Thornton Carle Fry (7 January 1892, Findlay, Ohio – 1 January 1991) was an applied mathematician, known for his two widely-used textbooks, Probability and its engineering uses (1928) and Elementary differential equations (1929).

== Career ==
Thornton C. Fry received his bachelor's degree from Findlay College in 1912 and then pursued graduate study in Wisconsin in mathematics, physics, and astronomy. He received his M.A. in 1913 and his Ph.D. in 1920 in applied mathematics from the University of Wisconsin-Madison with thesis under the supervision of Charles S. Slichter.

Fry was employed as an industrial mathematician by Western Electric Company from 1916 to 1924 and then by Bell Telephone Laboratories (Bell Labs), which was half-owned by Western Electric. He headed a corporate division for industrial applications of mathematics and statistics and was involved in research and development for the U.S. federal government in both world wars.

After retiring (due to reaching the mandatory retirement age) from Bell Labs in 1956, he was hired by William Norris as a Senior Consultant for the UNIVAC division of Sperry Rand. He would subsequently be appointed as Vice-President head of the UNIVAC Division over Norris in April 1957. After retiring from Sperry-Rand in 1961 he worked as a consultant with Boeing Scientific Research Labs and also, during the 1960s, with Walter Orr Roberts, director of the National Center for Atmospheric Research.

In 1924 Fry was an Invited Speaker of the International Congress of Mathematicians in Toronto.
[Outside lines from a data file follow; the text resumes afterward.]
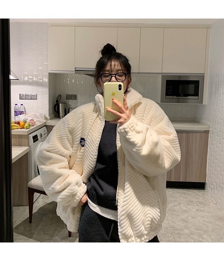 ボアブルゾン ジャケット レディース 送料無料 アウター コート リブ ライン ワッペン キルティング裏地 ブルゾン ジャケット ムートン もこもこ コートスタンドカラー エコファーボリューム袖ジャケット ミディアム丈 襟付き オーバーサイズ ビッグシルエット 大人可愛い きれいめ 上品 レトロ 大人女子 こなれ感 キュート ガーリー ゆったり 白 ホワイト 重ね着 体型カバー モテ 高見え 格上げ インスタ映え 春 秋冬 大人 かわいい おしゃれ 普段使い デイリー お出かけ デート 通勤 通学
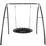 Táto voľne stojaca hojdačka s okrúhlym sedadlom s priemerom 120 cm je skvelou voľbou pre každý dvor či záhradu. Oceľový rám s práškovou povrchovou úpravou a vnútorným aj vonkajším zinkovaním poskytuje dlhodobú ochranu proti korózii, zatiaľ čo textilné sedadlo a mäkké PP laná sú príjemné na dotyk a zároveň odolné voči poveternosti.
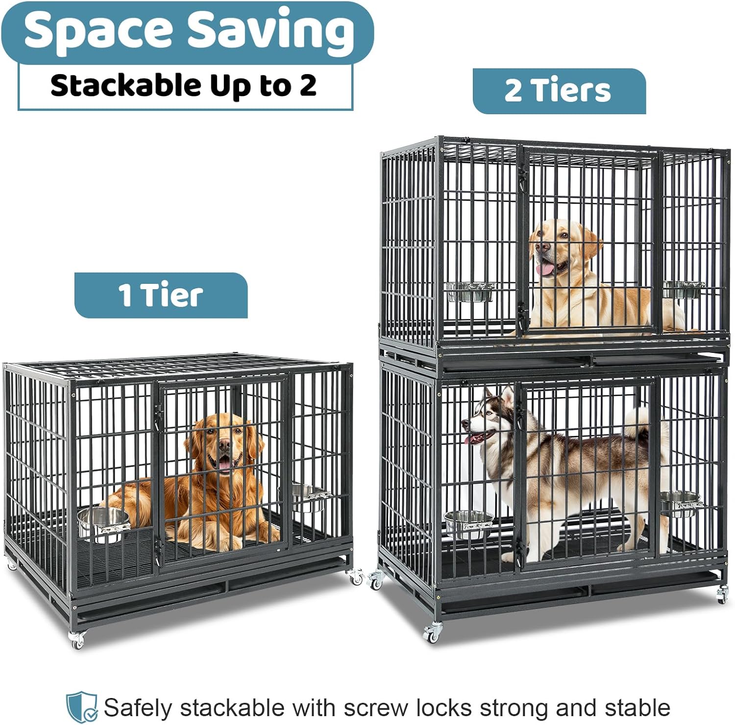 48 Inch Heavy Duty Large Dog Crate, Stackable Indestructible Big Cage for High Anxiety Dogs, Foldable Escape Proof XL Dog Kennel Indoor with Adjustable Bowls, Wheels and Double Trays(2 Pack)
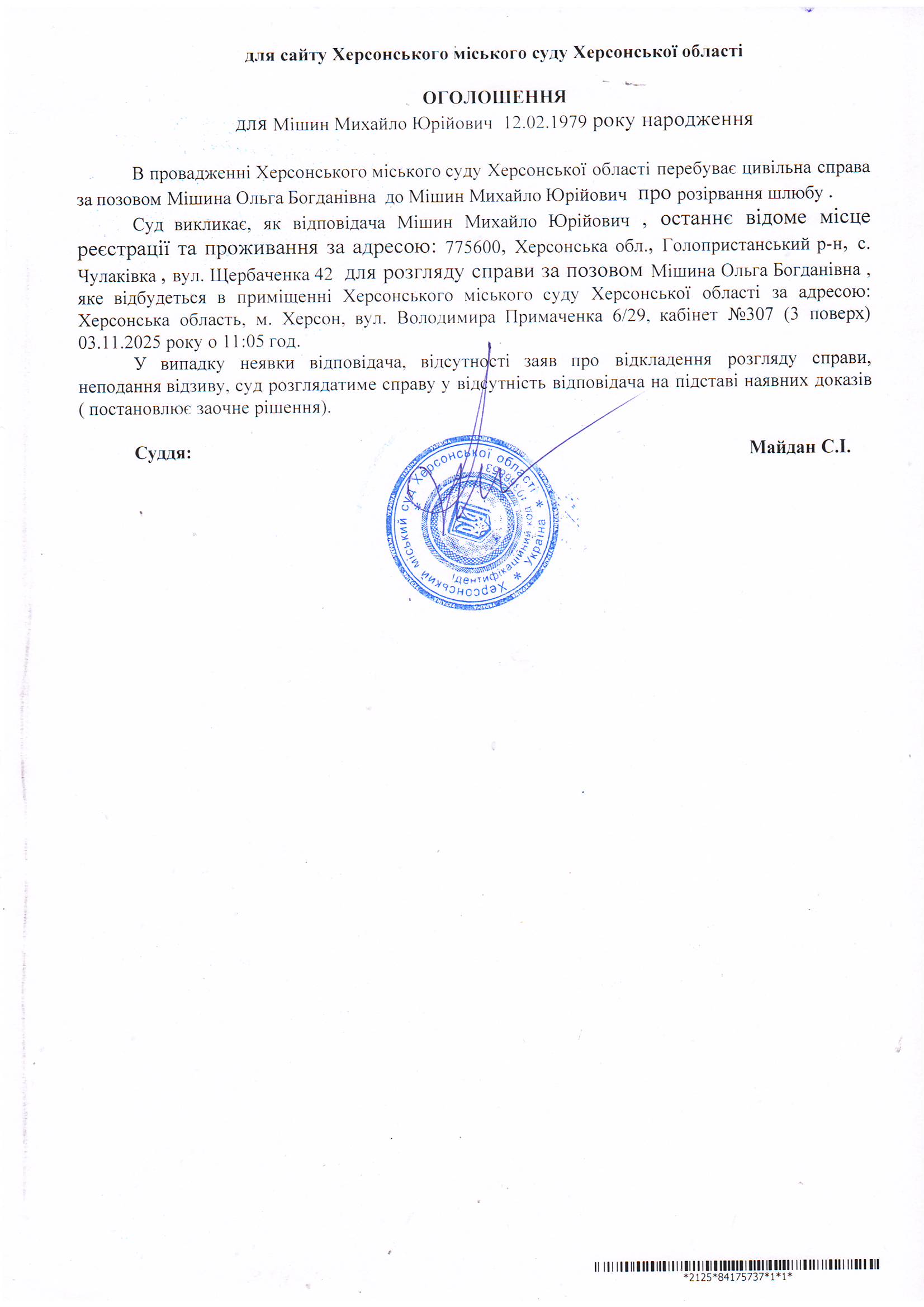 Оголошення для Мішина Михайла Юрійовича
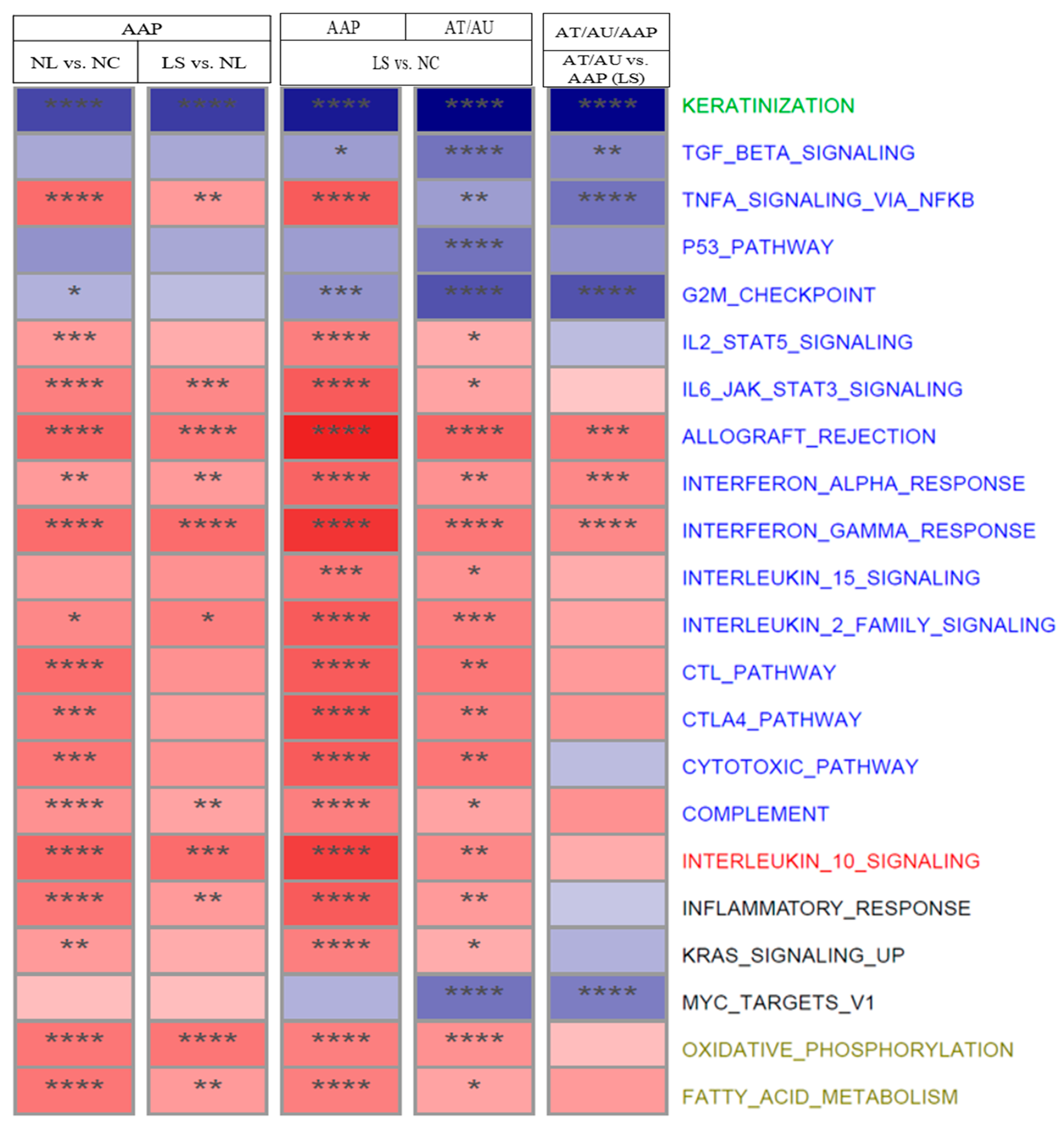 Figure 2. Pathway dysfunction across AA subtypes and scalp regions. The heatmap shows normalized enrichment scores (NES) for selected pathways across scalp comparisons: AAP NL vs. NC, LS vs. NL, LS vs. NC, and AT/AU LS vs. AAP LS. Red indicates activation, and blue indicates suppression in the listed comparisons. Asterisks denote significance (**** FDR < 0.001, *** FDR < 0.01, ** FDR < 0.05, and * FDR < 0.1). Pathways are color-coded by function: keratinization (green), immune (blue), regulatory (red), other (black) and metabolic (khaki).
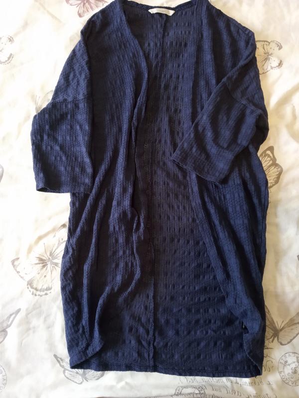 Кардиган тёмно-синего цвета с коротким рукавом.

In 1982 the Mathematical Association of America (MAA) gave him the MAA's distinguished service award.

==Selected publications==
- Fry, Thornton C. (1916). "The graphical computation of transit factors"
- Fry, Thornton C. (1916). "Graphical solution of the position of a body in an elliptic orbit"
- Fry, Thornton C. (1919). "The solution of circuit problems. Mathematical methods of investigation resulting from the application of Fourier's integral"
- with R. V. L. Hartley: Hartley, R. V. L. (1921). "The binaural location of pure tones"
- with R. V. L. Hartley: Hartley, R. V. L. (1922). "The binaural location of complex sounds"
- Fry, Thornton C. (1929). "The theory of the Schroteffekt"
- Fry, T. C. (1929). "The use of continued fractions in the design of electrical networks"
- Fry, Thornton C. (1929). "Differential equations as a foundation for electrical circuit theory"
- Fry, Thornton C. (1932). "Two problems in potential theory"
- with John R. Carson: Carson, John R. (1937). "Variable frequency electric circuit theory with an application to the theory of frequency-modulation"
- Fry, Thornton C. (1937). "The semicentennial celebration of the American Mathematical Society—September 6–9, 1938"
- Fry, Thornton C. (1938). "The χ^{2}-test of significance"
- "In: Research—A National Resource. II. Industrial Research, Report of the National Resource Council to the National Resources Planning Board, December 1940" (1941)
- Fry, Thornton C. (1941). "Industrial mathematics"
- Fry, Thornton C. (1945). "Some numerical methods for locating roots of polynomials"
- Fry, Thornton C. (1956). "Mathematics as a profession today in industry"
- Fry, T. C. (1964). "Mathematicians in industry—the first 75 years"

==Patents==
- "System for determining the direction of propagation of wave energy." U.S. Patent 1,502,243, issued July 22, 1924.
- "Harmonic analyzer." U.S. Patent 1,503,824, issued August 5, 1924.
- "Filtering circuit." U.S. Patent 1,559,864, issued November 3, 1925.